### Required work
Write out, from the entries below, exactly the lines that run between the lines holding "程力环保车专业厂生产的高端智能联合清洗吸污车在澳大利亚汤斯维尔市调试装备。" and "(笔不要过长时间放置在水桶里", inclusive, and stop there.

### Source records
==========
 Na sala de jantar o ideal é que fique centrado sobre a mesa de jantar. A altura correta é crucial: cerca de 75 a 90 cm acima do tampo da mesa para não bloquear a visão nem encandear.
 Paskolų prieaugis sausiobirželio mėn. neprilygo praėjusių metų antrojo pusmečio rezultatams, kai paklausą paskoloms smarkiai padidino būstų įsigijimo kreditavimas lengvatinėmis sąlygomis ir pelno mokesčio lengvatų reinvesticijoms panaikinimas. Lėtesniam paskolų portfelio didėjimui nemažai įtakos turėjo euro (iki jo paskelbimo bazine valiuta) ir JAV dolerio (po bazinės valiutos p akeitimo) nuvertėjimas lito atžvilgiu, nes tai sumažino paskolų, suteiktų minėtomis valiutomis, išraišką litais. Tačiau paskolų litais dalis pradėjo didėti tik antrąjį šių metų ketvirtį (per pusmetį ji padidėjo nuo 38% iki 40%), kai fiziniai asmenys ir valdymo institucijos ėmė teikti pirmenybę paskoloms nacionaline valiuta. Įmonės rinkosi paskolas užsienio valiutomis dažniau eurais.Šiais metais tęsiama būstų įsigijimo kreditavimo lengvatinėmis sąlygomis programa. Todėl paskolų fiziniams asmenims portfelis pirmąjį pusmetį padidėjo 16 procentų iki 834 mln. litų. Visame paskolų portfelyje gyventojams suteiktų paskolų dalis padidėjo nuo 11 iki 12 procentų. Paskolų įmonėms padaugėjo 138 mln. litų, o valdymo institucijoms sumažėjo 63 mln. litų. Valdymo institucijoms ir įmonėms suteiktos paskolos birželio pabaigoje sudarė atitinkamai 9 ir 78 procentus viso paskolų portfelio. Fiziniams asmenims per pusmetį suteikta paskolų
==========
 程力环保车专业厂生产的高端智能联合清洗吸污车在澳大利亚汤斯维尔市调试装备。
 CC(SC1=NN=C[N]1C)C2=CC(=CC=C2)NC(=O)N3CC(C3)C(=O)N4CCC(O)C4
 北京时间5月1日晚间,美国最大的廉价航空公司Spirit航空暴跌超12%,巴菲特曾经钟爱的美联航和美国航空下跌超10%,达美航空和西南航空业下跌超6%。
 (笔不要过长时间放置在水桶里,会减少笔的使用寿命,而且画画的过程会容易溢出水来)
==========
### Answer box
 程力环保车专业厂生产的高端智能联合清洗吸污车在澳大利亚汤斯维尔市调试装备。
 CC(SC1=NN=C[N]1C)C2=CC(=CC=C2)NC(=O)N3CC(C3)C(=O)N4CCC(O)C4
 北京时间5月1日晚间,美国最大的廉价航空公司Spirit航空暴跌超12%,巴菲特曾经钟爱的美联航和美国航空下跌超10%,达美航空和西南航空业下跌超6%。
 (笔不要过长时间放置在水桶里,会减少笔的使用寿命,而且画画的过程会容易溢出水来)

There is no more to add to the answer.